◆ AIM OF THE EXERCISE ◆
Retype the following data exactly, but leave its pictures out.

◆ SOURCE DATA ◆
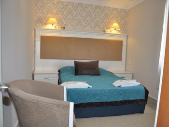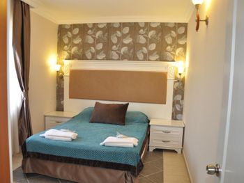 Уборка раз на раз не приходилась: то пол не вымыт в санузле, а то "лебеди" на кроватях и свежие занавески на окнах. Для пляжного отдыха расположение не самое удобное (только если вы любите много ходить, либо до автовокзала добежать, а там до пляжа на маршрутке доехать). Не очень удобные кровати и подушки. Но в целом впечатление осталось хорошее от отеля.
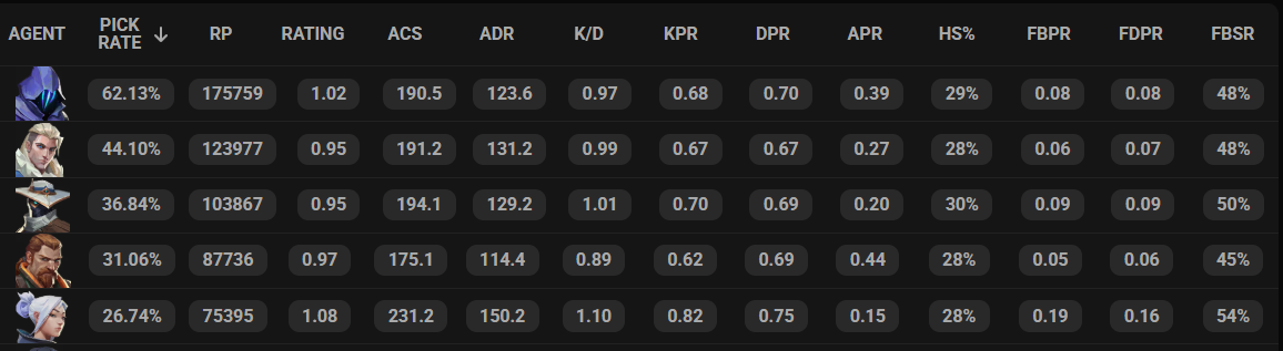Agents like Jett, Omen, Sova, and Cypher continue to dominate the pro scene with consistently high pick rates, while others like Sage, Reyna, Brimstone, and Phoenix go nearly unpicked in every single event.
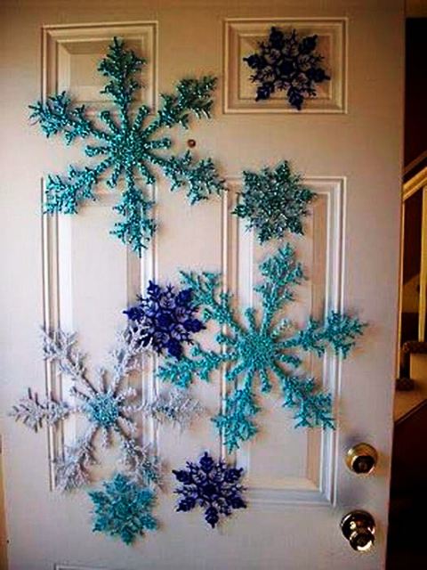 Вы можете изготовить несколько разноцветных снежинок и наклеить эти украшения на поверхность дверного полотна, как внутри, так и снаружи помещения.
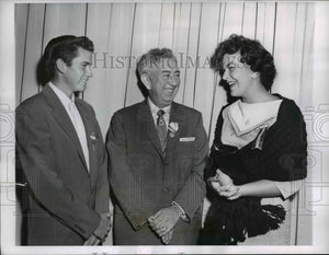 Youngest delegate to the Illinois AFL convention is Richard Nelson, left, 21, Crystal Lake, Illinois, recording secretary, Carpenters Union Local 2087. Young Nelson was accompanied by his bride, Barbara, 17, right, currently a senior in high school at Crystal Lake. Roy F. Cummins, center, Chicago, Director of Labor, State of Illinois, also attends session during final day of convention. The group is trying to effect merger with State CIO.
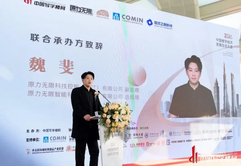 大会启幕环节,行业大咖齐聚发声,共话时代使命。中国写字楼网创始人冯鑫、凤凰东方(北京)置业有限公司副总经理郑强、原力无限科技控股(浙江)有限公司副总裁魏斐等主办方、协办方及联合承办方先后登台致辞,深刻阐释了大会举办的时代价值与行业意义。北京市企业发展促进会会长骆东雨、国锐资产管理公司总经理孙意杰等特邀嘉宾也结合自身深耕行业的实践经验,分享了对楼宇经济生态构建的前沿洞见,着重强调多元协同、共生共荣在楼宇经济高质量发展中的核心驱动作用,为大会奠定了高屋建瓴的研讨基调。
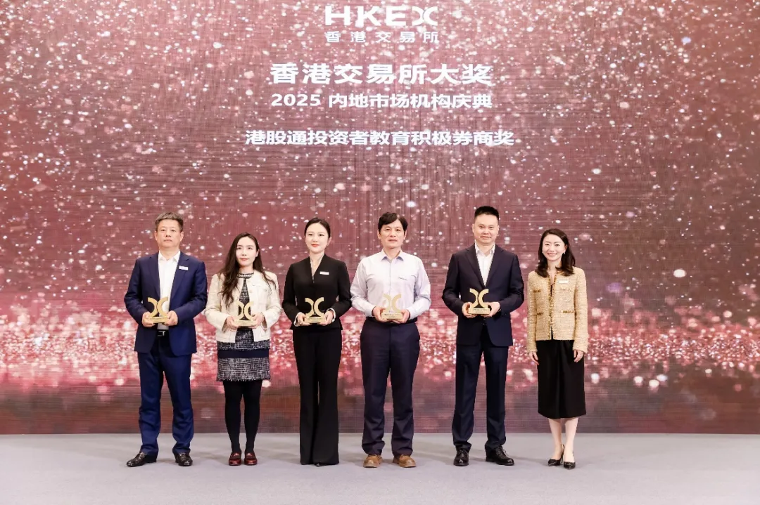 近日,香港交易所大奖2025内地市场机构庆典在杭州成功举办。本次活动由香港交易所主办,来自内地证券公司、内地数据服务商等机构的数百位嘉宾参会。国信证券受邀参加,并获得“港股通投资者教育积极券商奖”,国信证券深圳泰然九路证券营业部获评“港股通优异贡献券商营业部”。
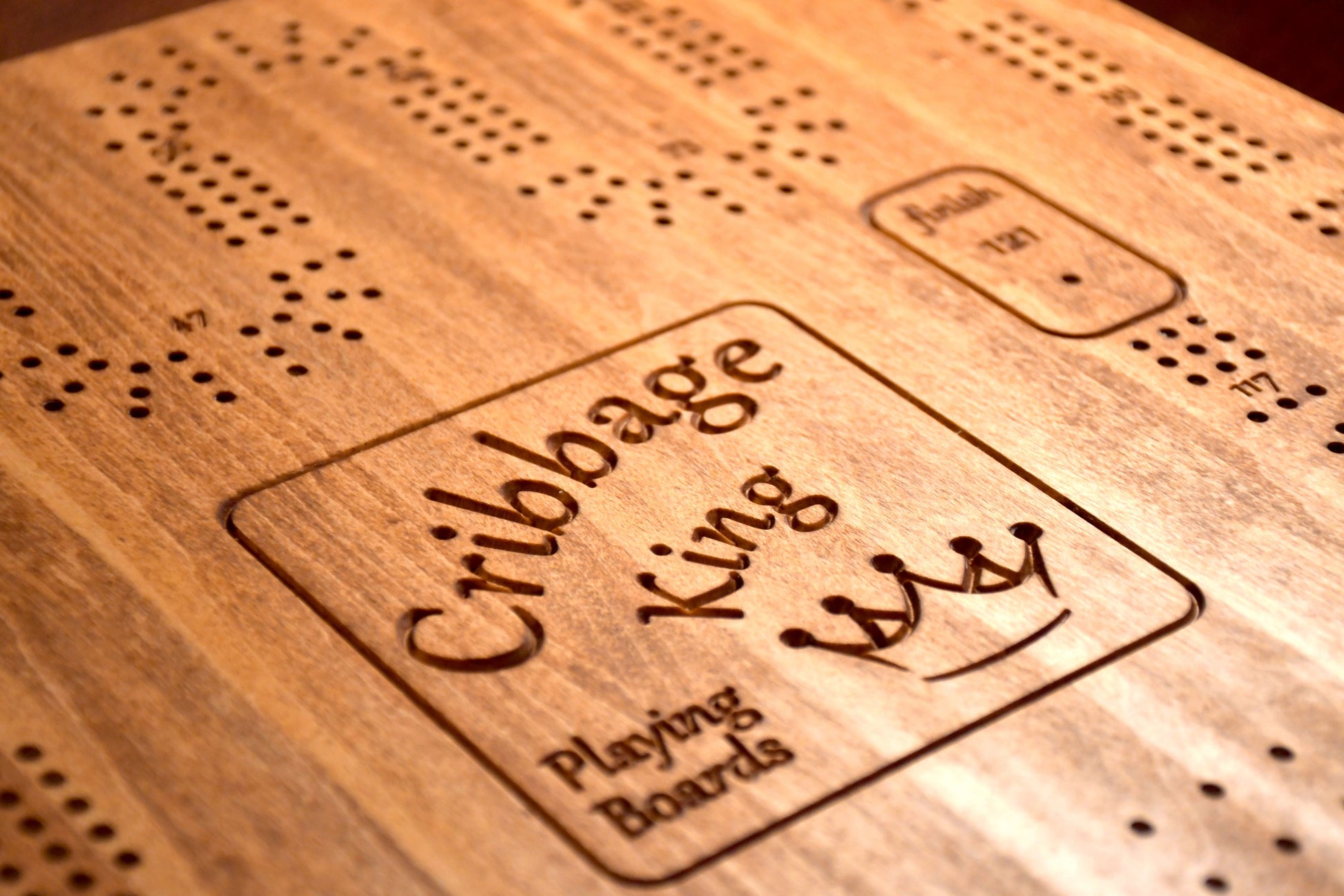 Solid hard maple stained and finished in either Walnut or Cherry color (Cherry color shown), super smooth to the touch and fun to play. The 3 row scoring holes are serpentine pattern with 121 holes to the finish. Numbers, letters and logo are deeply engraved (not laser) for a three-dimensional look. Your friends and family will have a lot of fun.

◆ EXERCISE SOLUTION ◆
 Уборка раз на раз не приходилась: то пол не вымыт в санузле, а то "лебеди" на кроватях и свежие занавески на окнах. Для пляжного отдыха расположение не самое удобное (только если вы любите много ходить, либо до автовокзала добежать, а там до пляжа на маршрутке доехать). Не очень удобные кровати и подушки. Но в целом впечатление осталось хорошее от отеля.
Agents like Jett, Omen, Sova, and Cypher continue to dominate the pro scene with consistently high pick rates, while others like Sage, Reyna, Brimstone, and Phoenix go nearly unpicked in every single event.
 Вы можете изготовить несколько разноцветных снежинок и наклеить эти украшения на поверхность дверного полотна, как внутри, так и снаружи помещения.
 Youngest delegate to the Illinois AFL convention is Richard Nelson, left, 21, Crystal Lake, Illinois, recording secretary, Carpenters Union Local 2087. Young Nelson was accompanied by his bride, Barbara, 17, right, currently a senior in high school at Crystal Lake. Roy F. Cummins, center, Chicago, Director of Labor, State of Illinois, also attends session during final day of convention. The group is trying to effect merger with State CIO.
 大会启幕环节,行业大咖齐聚发声,共话时代使命。中国写字楼网创始人冯鑫、凤凰东方(北京)置业有限公司副总经理郑强、原力无限科技控股(浙江)有限公司副总裁魏斐等主办方、协办方及联合承办方先后登台致辞,深刻阐释了大会举办的时代价值与行业意义。北京市企业发展促进会会长骆东雨、国锐资产管理公司总经理孙意杰等特邀嘉宾也结合自身深耕行业的实践经验,分享了对楼宇经济生态构建的前沿洞见,着重强调多元协同、共生共荣在楼宇经济高质量发展中的核心驱动作用,为大会奠定了高屋建瓴的研讨基调。
 近日,香港交易所大奖2025内地市场机构庆典在杭州成功举办。本次活动由香港交易所主办,来自内地证券公司、内地数据服务商等机构的数百位嘉宾参会。国信证券受邀参加,并获得“港股通投资者教育积极券商奖”,国信证券深圳泰然九路证券营业部获评“港股通优异贡献券商营业部”。
 Solid hard maple stained and finished in either Walnut or Cherry color (Cherry color shown), super smooth to the touch and fun to play. The 3 row scoring holes are serpentine pattern with 121 holes to the finish. Numbers, letters and logo are deeply engraved (not laser) for a three-dimensional look. Your friends and family will have a lot of fun.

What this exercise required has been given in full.